(Stored items from a collection)
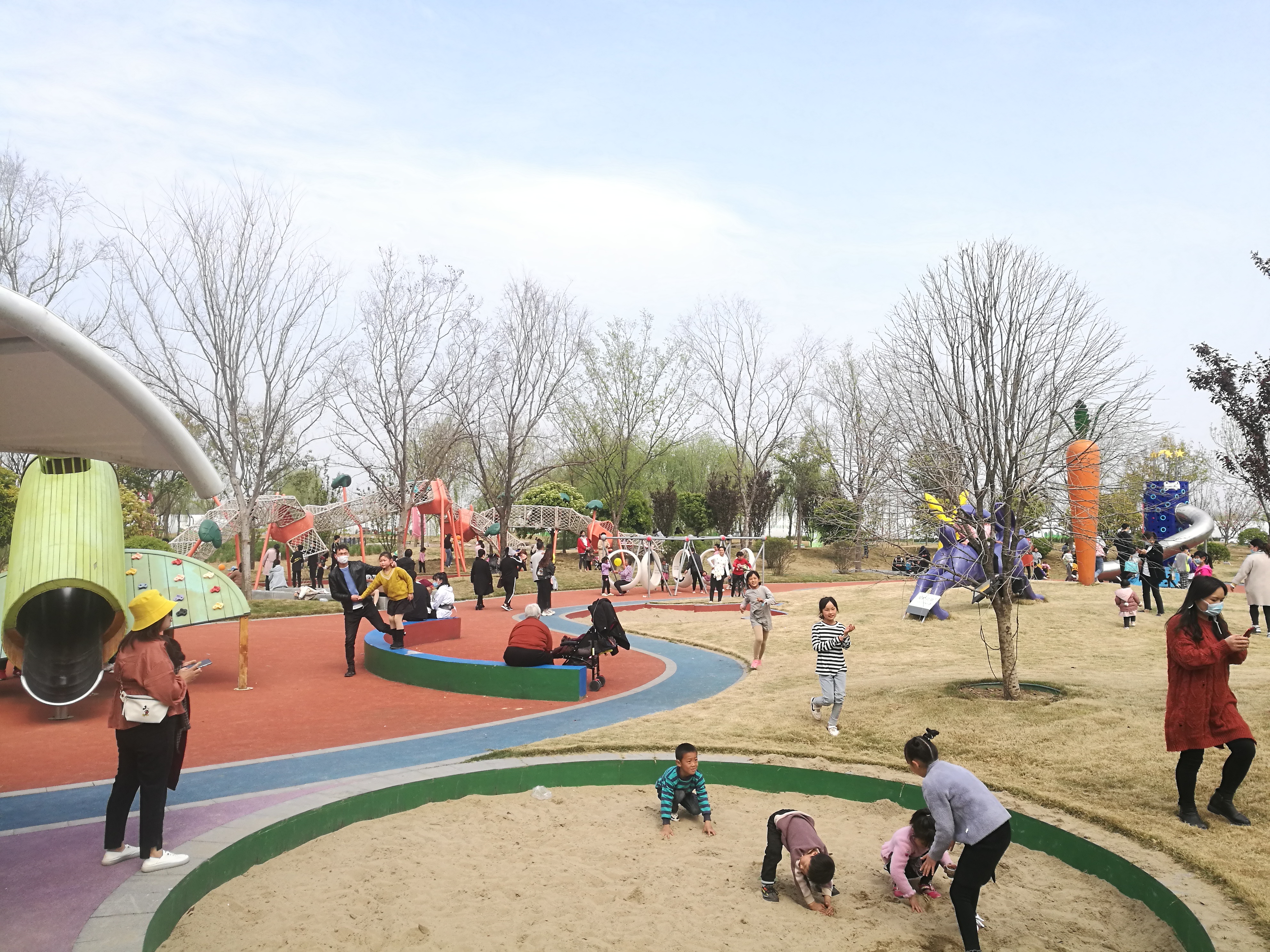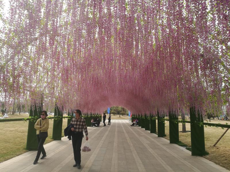受疫情影響,清明小長假,不少市民放棄了出行計劃。周口本地的游園、景點因此很是“火了”一把。近年來,周口城市建設(shè)日新月異,踏青賞花,在家門口就能滿足了。圖為周口某綠色基地節(jié)日場景。 記者 李偉 攝
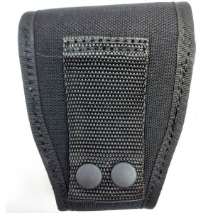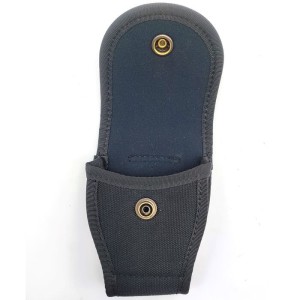Porta manette in cordura nera professionale progettato per garantire un trasporto sicuro e silenzioso delle manette, ideale per operatori delle forze dell'ordine.
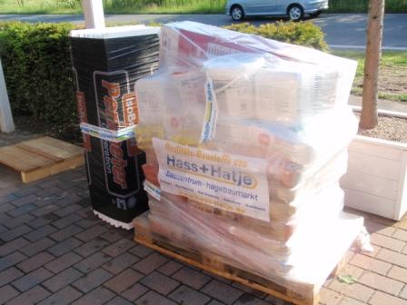 18.05.2009 Nach diversen Besuchen und Telefonaten bei unserem Baustoffhändler des Vertrauens, was wir für die Außenabdichtung benötigen, wird heute der ganze Kram angeliefert:
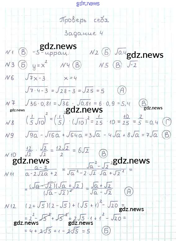 ГДЗ по Алгебре за 8 класс Мерзляк, Полонский Учебник Алгоритм успеха - Проверь себя №4 1
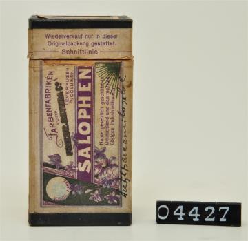 Quadratische Pappschachtel rundum beklebt mit dreisprachigem Etikett. Versiegelung aufgeschnitten. Stülpdeckel mit aufgeklebtem Etikett mit Bayer-Kreuz. Fieber. Schmerz- und Rheumamittel der Farbenfabriken Bayer-Leverkusen. Handschriftlicher Namenszusatz von Ignaz Peer II.
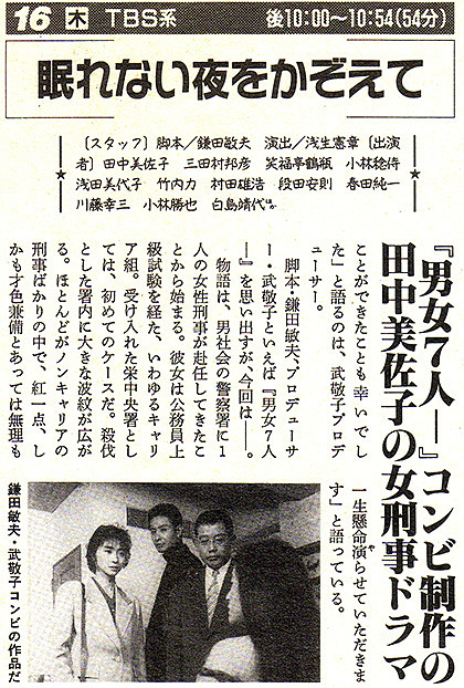 misaさん、「眠れない夜をかぞえて」は私も思い入れがある作品です。再放送されないということもあり2回ほどYouTubeにアップしたことがあります。でも、あるところからのクレームでアッという間に削除されてしまいました。主題歌が流れるタイトルシーンも権利関係に触れるようです。ま、私のHPなら文句はきそうにないので…。

Problem statement
Output the records exactly as they appear, skipping any pictures.

Response area
受疫情影響,清明小長假,不少市民放棄了出行計劃。周口本地的游園、景點因此很是“火了”一把。近年來,周口城市建設(shè)日新月異,踏青賞花,在家門口就能滿足了。圖為周口某綠色基地節(jié)日場景。 記者 李偉 攝
Porta manette in cordura nera professionale progettato per garantire un trasporto sicuro e silenzioso delle manette, ideale per operatori delle forze dell'ordine.
 18.05.2009 Nach diversen Besuchen und Telefonaten bei unserem Baustoffhändler des Vertrauens, was wir für die Außenabdichtung benötigen, wird heute der ganze Kram angeliefert:
 ГДЗ по Алгебре за 8 класс Мерзляк, Полонский Учебник Алгоритм успеха - Проверь себя №4 1
 Quadratische Pappschachtel rundum beklebt mit dreisprachigem Etikett. Versiegelung aufgeschnitten. Stülpdeckel mit aufgeklebtem Etikett mit Bayer-Kreuz. Fieber. Schmerz- und Rheumamittel der Farbenfabriken Bayer-Leverkusen. Handschriftlicher Namenszusatz von Ignaz Peer II.
 misaさん、「眠れない夜をかぞえて」は私も思い入れがある作品です。再放送されないということもあり2回ほどYouTubeにアップしたことがあります。でも、あるところからのクレームでアッという間に削除されてしまいました。主題歌が流れるタイトルシーンも権利関係に触れるようです。ま、私のHPなら文句はきそうにないので…。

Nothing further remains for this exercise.